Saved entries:
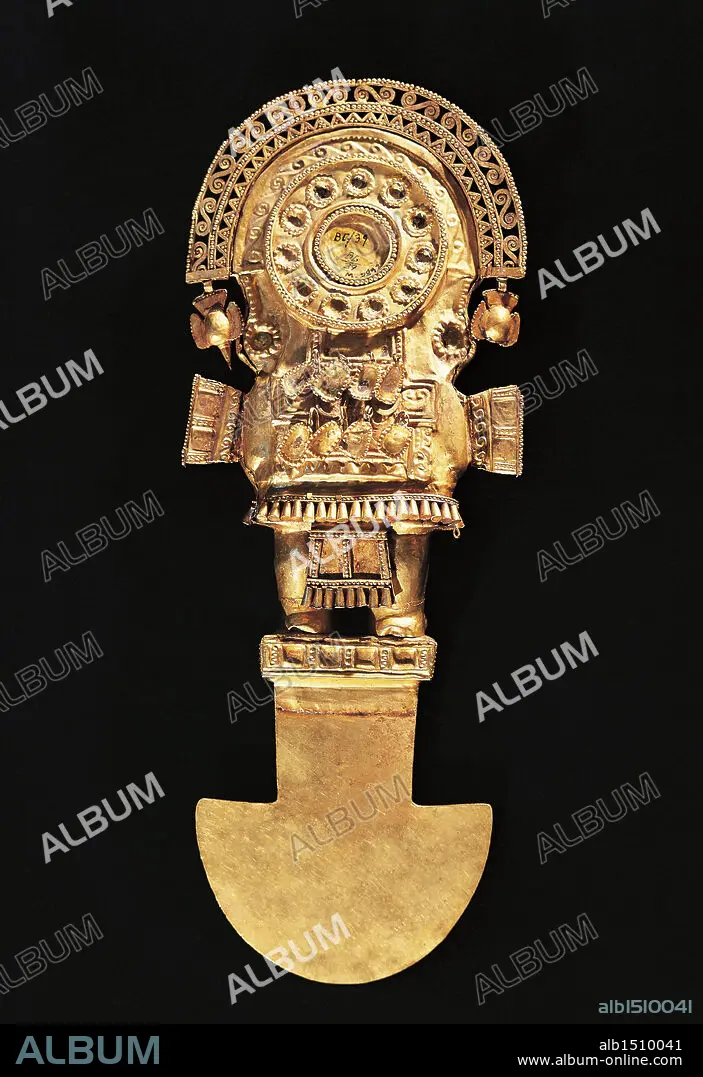 Pre-Inca civilization, Peru, 11th-16th century. Chimu culture. Embossed gold ceremonial knife. From Lambayeque treasure.
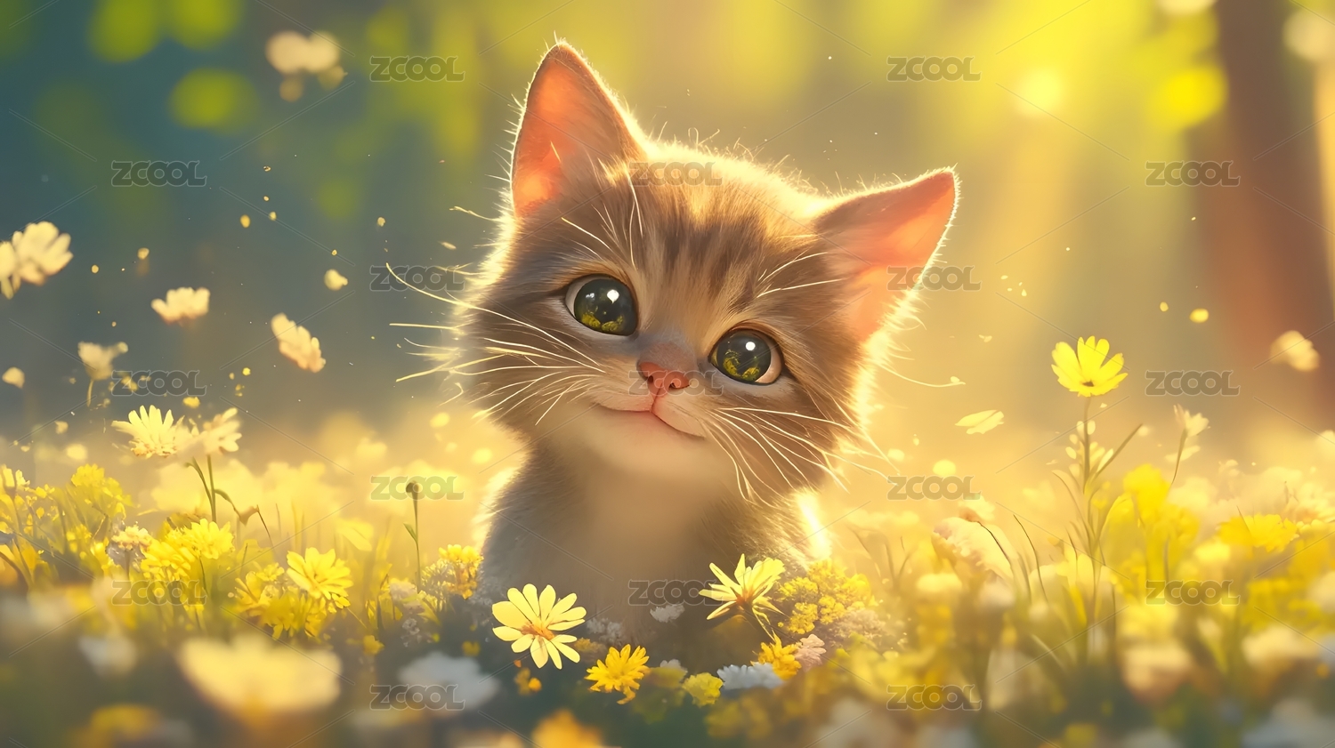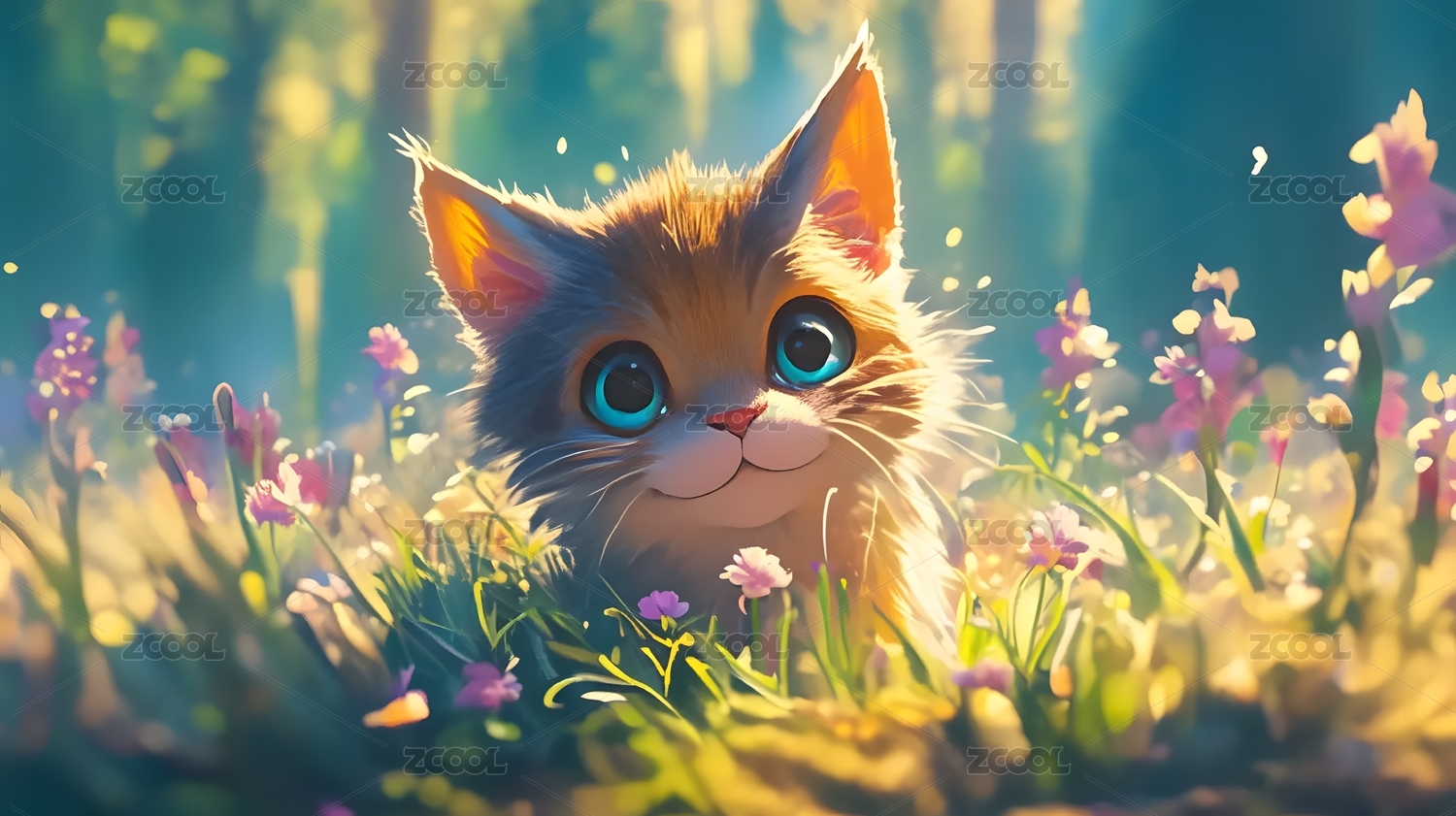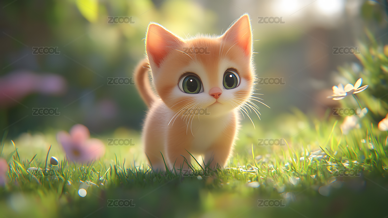 花丛中一只可爱的3D卡通小猫咪
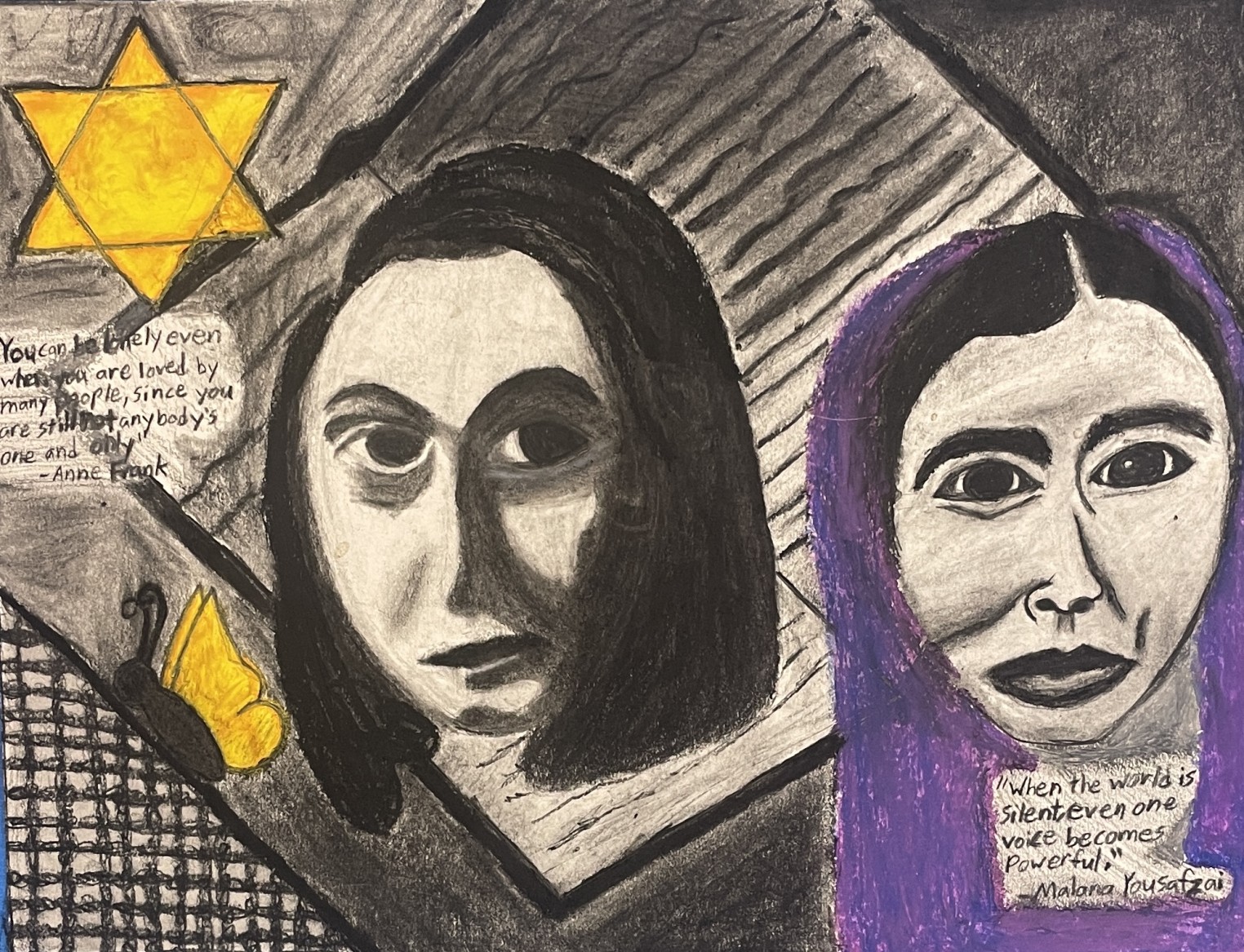 I chose Anne Frank and Malala Yousafzai for my inspiration for "Strong Voices." Anne Frank's voice is heard in the diary she left behind when she and her family were discovered in hiding by the Nazis. She wrote about the persecution and prejudice they encountered which led to them going into hiding. Anne also described her hopes and dreams as a teenager. Her voice, through her diary, lives on; read by many generations. Malala Yousafzai raises her voice today to speak out against the education bans imposed by the Taliban on girls in Pakistan. She survived being shot in the head for speaking out. Malala became the youngest-ever Nobel laureate. She continues to raise her voice against the prejudice the Taliban impose on women.
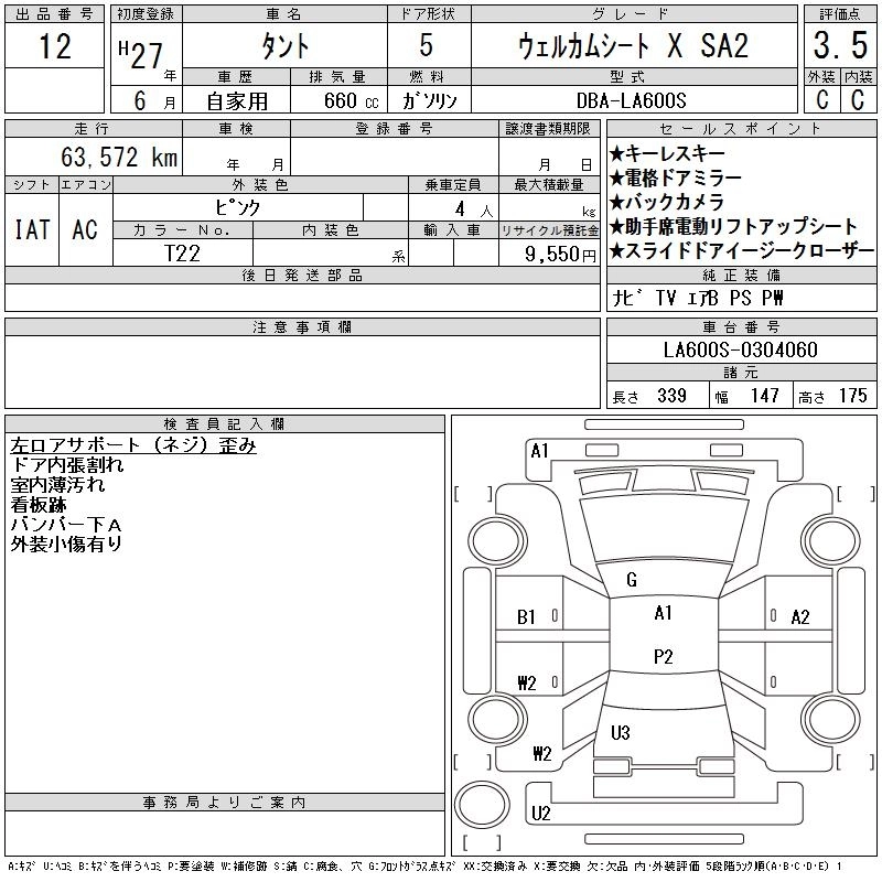 Год выпуска2015 Пробег 64 000 км КузовLA600S Комплектация WELLCOME SEAT X SA2
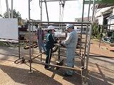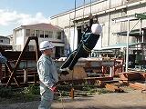 宮崎機械技術センターでは、材料試験室で高速道路の支柱につかう太い金属の強度を測る万能材料試験機を見せてもらいました。
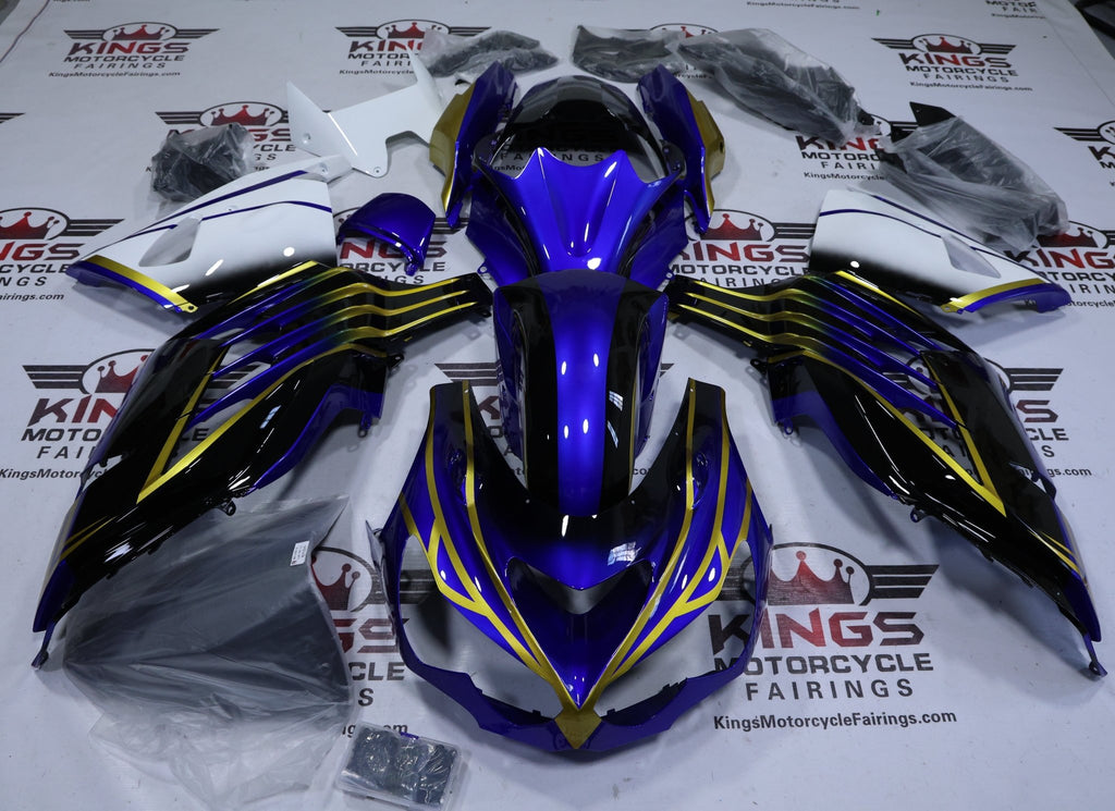 Previous Product Next ProductBlue, Black, Gold, White Fairing Kit for a 2012, 2013, 2014, 2015, 2016, 2017, 2018, 2019, 2020, 2021, 2022, 2023, 2024 Kawasaki Ninja ZX14R motorcycle.
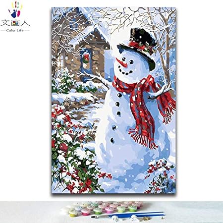 Kykdy Foto Di Colori Fai Da Te Con Numeri Con Colori Pupazzo Di Neve Natalizia Immagine Di Natale Disegno Di Pittura Con Numeri Incorniciati 90254 Pupazzo Di Neve 40x50 Senza Cornice Amazon It
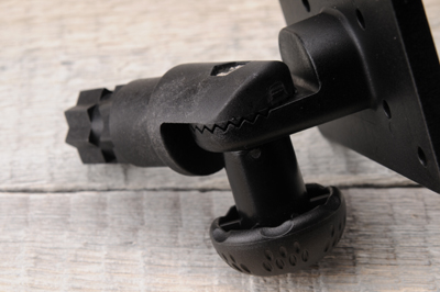 魚群探知機やGPSなどを取り付ける台です。アジャスタブル180度の首振りが可能です。工夫次第で様々なアイテムを取り付けることができます。
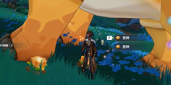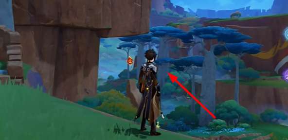 2、接着朝着地图的左侧方向飞过去,可以参考这块石头上有个眼睛,如果玩家已经收集了这个神瞳,也可以看这块石头比较方便。
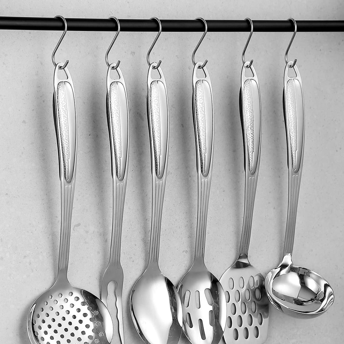 - 6-piece set includes Metal Spatula Set, Skimmer, Ladle, Serving Spoon, Slotted Spoon, and Carving Fork
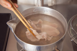 塩(小さじ1程度/分量外)をいれて豚肉を3〜4枚ずつ入れ、
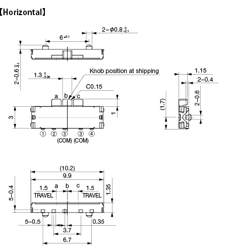 Click section: 1.5±1.0NLife 50,000cycles Pcs/Reel Horizontal : 5,000pcs
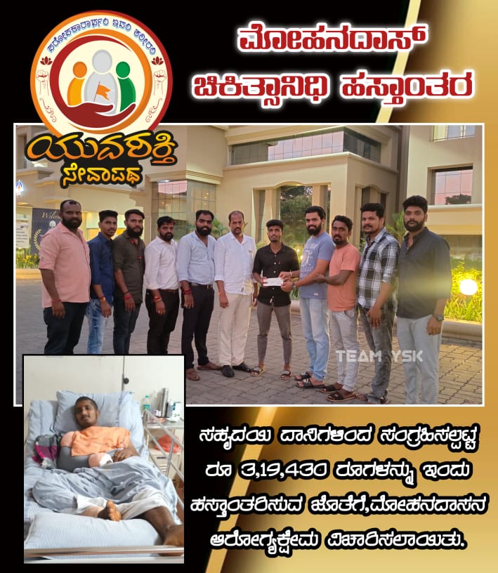 ಕಲ್ಲಡ್ಕದಲ್ಲಿ ರಸ್ತೆ ಅಪಘಾತಕ್ಕೆ ಒಳಗಾಗಿ, ಮಂಗಳೂರಿನ ಎ.ಜೆ ಆಸ್ಪತ್ರೆಯಲ್ಲಿ ಚಿಕಿತ್ಸೆ ಪಡೆಯುತ್ತಿರುವ 19 ವರ್ಷದ ಮೋಹನ್ ದಾಸ್ ರವರ ಚಿಕಿತ್ಸಾ ವೆಚ್ಚಕ್ಕಾಗಿ ಯುವಶಕ್ತಿ ಸೇವಾಪಥದ ವತಿಯಿಂದ ಹಮ್ಮಿಕೊಂಡಿದ್ದ ಸೇವಾನಿಧಿ ಯೋಜನೆಯು ಸಂಪನ್ನಗೊಂಡಿದೆ.
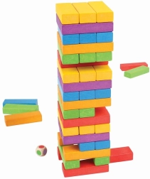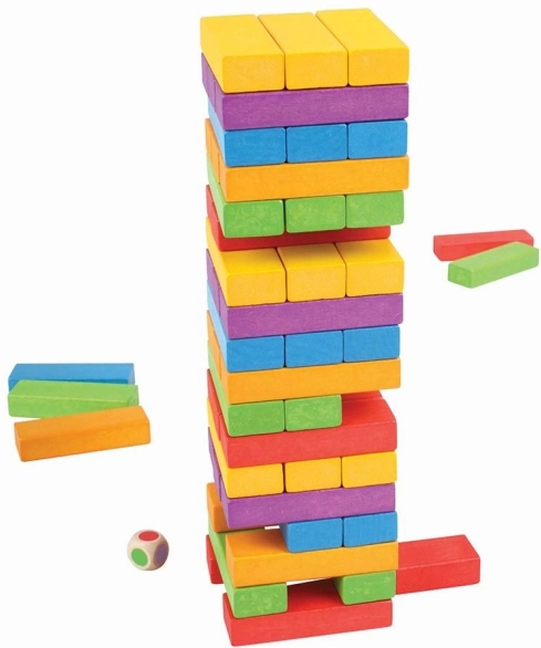 Ein Bau- und Geschicklichkeitsspiel, das die ganze Familie begeistert. Würfle mit dem bunten Würfel, ziehe den passenden Stein und lege ihn oben auf – der Turm wächst, und die Spannung auch! Dank der hochwertigen Holzverarbeitung und der satten Farben ist das Spiel langlebig, sicher und optisch ansprechend.
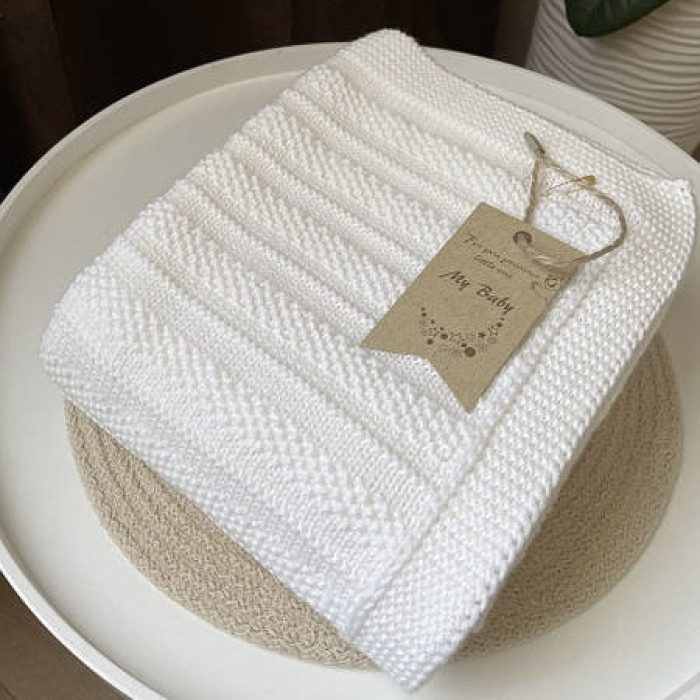 В'язаний плед ДЕМІ смужка Білий 90/80

__WORK TASK__. From the records above, copy exactly the lines starting at the one with "塩(小さじ1程度/分量外)をいれて豚肉を3〜4枚ずつ入れ、" and ending at the one with "ಕಲ್ಲಡ್ಕದಲ್ಲಿ ರಸ್ತೆ ಅಪಘಾತಕ್ಕೆ", and no others. Pictures stay out.

__ANSWER SPACE__.
 塩(小さじ1程度/分量外)をいれて豚肉を3〜4枚ずつ入れ、
 Click section: 1.5±1.0NLife 50,000cycles Pcs/Reel Horizontal : 5,000pcs
 ಕಲ್ಲಡ್ಕದಲ್ಲಿ ರಸ್ತೆ ಅಪಘಾತಕ್ಕೆ ಒಳಗಾಗಿ, ಮಂಗಳೂರಿನ ಎ.ಜೆ ಆಸ್ಪತ್ರೆಯಲ್ಲಿ ಚಿಕಿತ್ಸೆ ಪಡೆಯುತ್ತಿರುವ 19 ವರ್ಷದ ಮೋಹನ್ ದಾಸ್ ರವರ ಚಿಕಿತ್ಸಾ ವೆಚ್ಚಕ್ಕಾಗಿ ಯುವಶಕ್ತಿ ಸೇವಾಪಥದ ವತಿಯಿಂದ ಹಮ್ಮಿಕೊಂಡಿದ್ದ ಸೇವಾನಿಧಿ ಯೋಜನೆಯು ಸಂಪನ್ನಗೊಂಡಿದೆ.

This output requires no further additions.